I have tried including many features as computation cost is not a problem for this dataset. However, to my surprise, adding features makes the algorithms perform poorer. You will see below that I include all the features that has p-values < 0.3 in set feature_list1 and the same algorithm all perform poorer with this set. A possible explanation is that this dataset has many missing values (which we have filled them with 0 and this is wrong information).
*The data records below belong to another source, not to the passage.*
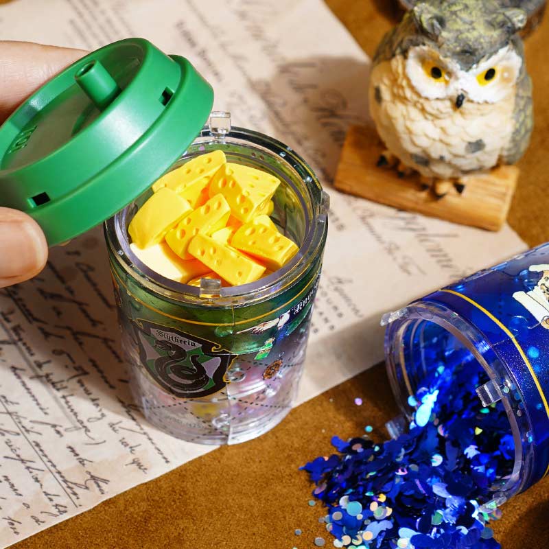 Este producto innovador fusiona el placer de armar un puzzle 3D con la diversión del coleccionismo temático. La Milk Tea Cup es una serie de accesorios/llaveros armables que rinden homenaje a las Cuatro Casas de Hogwarts: Gryffindor (Rojo), Slytherin (Verde), Ravenclaw (Azul) y Hufflepuff (Amarillo).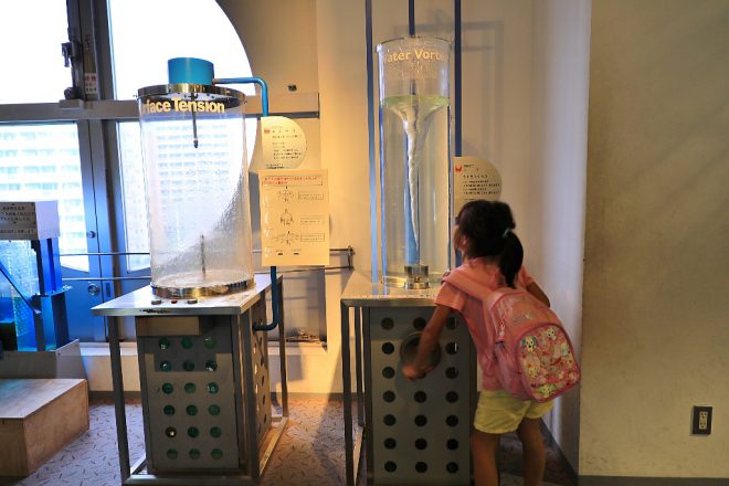5階からは、子どもたちが体験しながら学べる展示物がたくさん。空気の流れによって水がどんな影響を受けるか、目でみてわかる水槽。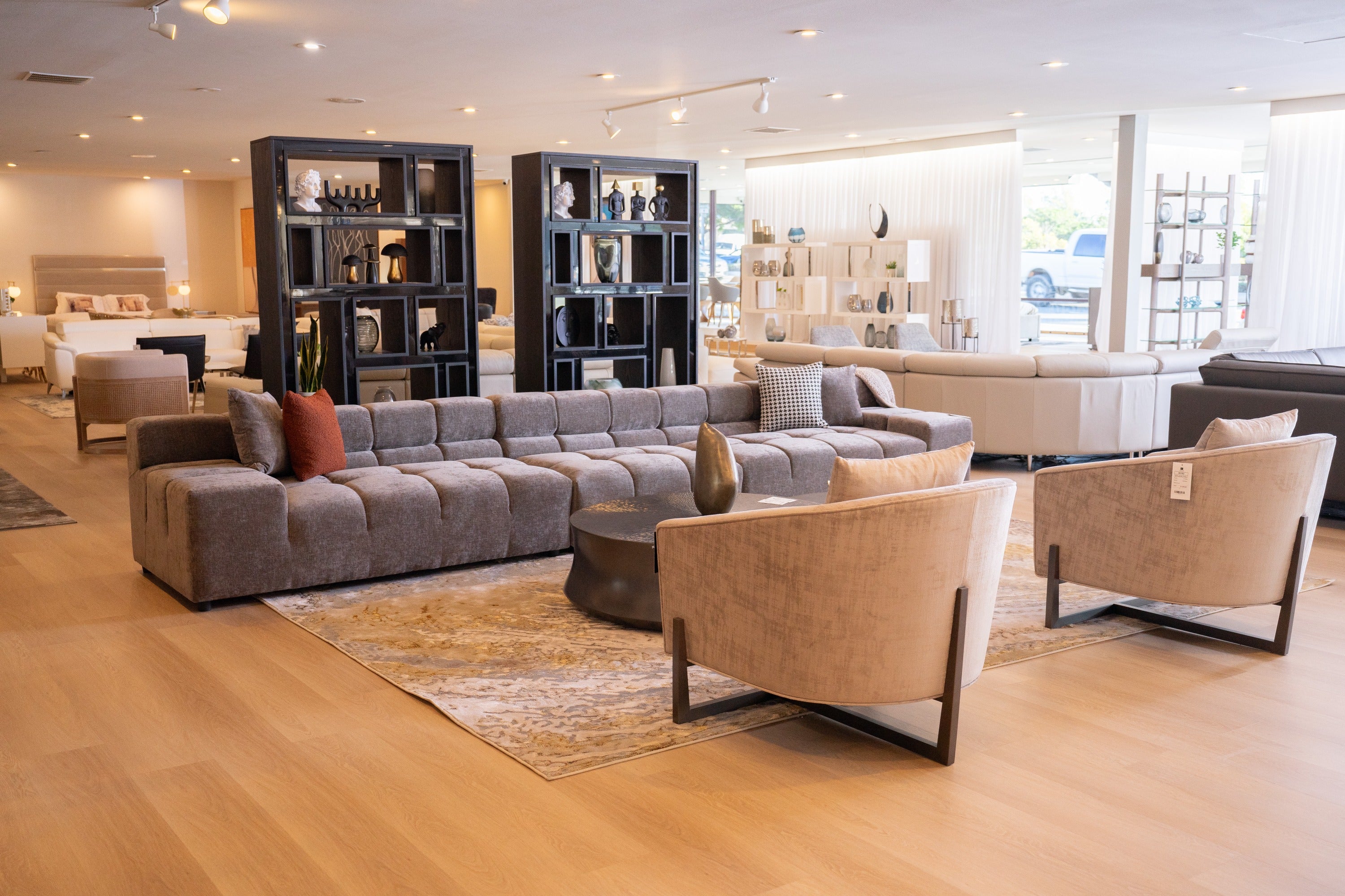 The Divani Casa Rhonda is a modern four-seater sofa that effortlessly blends style and comfort. Its sleek, low-profile design features a striking grey fabric with plush tufted detailing, adding a sophisticated touch to any space. The sofa is accentuated by strategically placed decorative cushions in varying textures. Its linear silhouette and minimalist aesthetic make it an ideal centerpiece for contemporary living rooms, inviting relaxation and conversation. This versatile piece seamlessly enhances both casual and chic décor, showcasing a balanced harmony of function and modern elegance.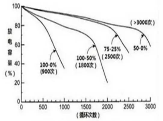 上圖為某三元鋰電池的充放電特性圖,可以看出,不同的充放電方式對電池的壽命影響不一樣,如上圖數(shù)據(jù),以25%-75%充放電的壽命可以達(dá)到2500次,即我們所說的電池淺充淺放。電池壽命這個話題我們以后還會深入討論。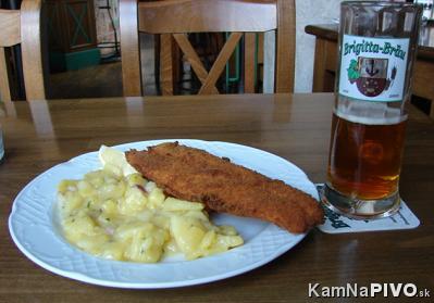 Reštaurácia ponúka rakúsku kuchyňu, resp. viedenskú. Denné menu majú za 7,50€, alebo za 6,90€, ja som si vybral to lacnejšie, iné už pred treťou nebolo, nuž nestálo za veľa (teda to jedlo), cesnaková polievka s opečenými krutónmi, v trojobale neidentifikovateľná ryba a zemiakový šalát bez majonézy s väčším množstvom cibuľe s octom. Nuž, aspoň som od rána niečo, okrem piva hodil zo žalúdka. Ale neprišiel som tu jesť, dávam si druhé Helles.

# Model building and Evaluation

*Question 3. What algorithm did you end up using? What other one(s) did you try? How did model performance differ between algorithms?*

The algorithm I employed are a pipeline whose first step is PCA with 1 principle component and the last step is logistic regression. Since this is a small dataset that doesn’t take long to train, I have tried pipeline with PCA with other classifiers: decision tree, k nearest neighbor, random forest. I chose the model of PCA with logistic regression since it has the highest recall and above-30% precision. I would argue that in this problem, we care more about recall than precision. Random forest and decision tree perform decently though inferior to logistic regression. In one model, random forest outperforms logistic regression slightly in precision score but still have a lower recall. K nearest neighbors, to my surprise as I expect 'pois' would have similar behaviors, did not perform very well.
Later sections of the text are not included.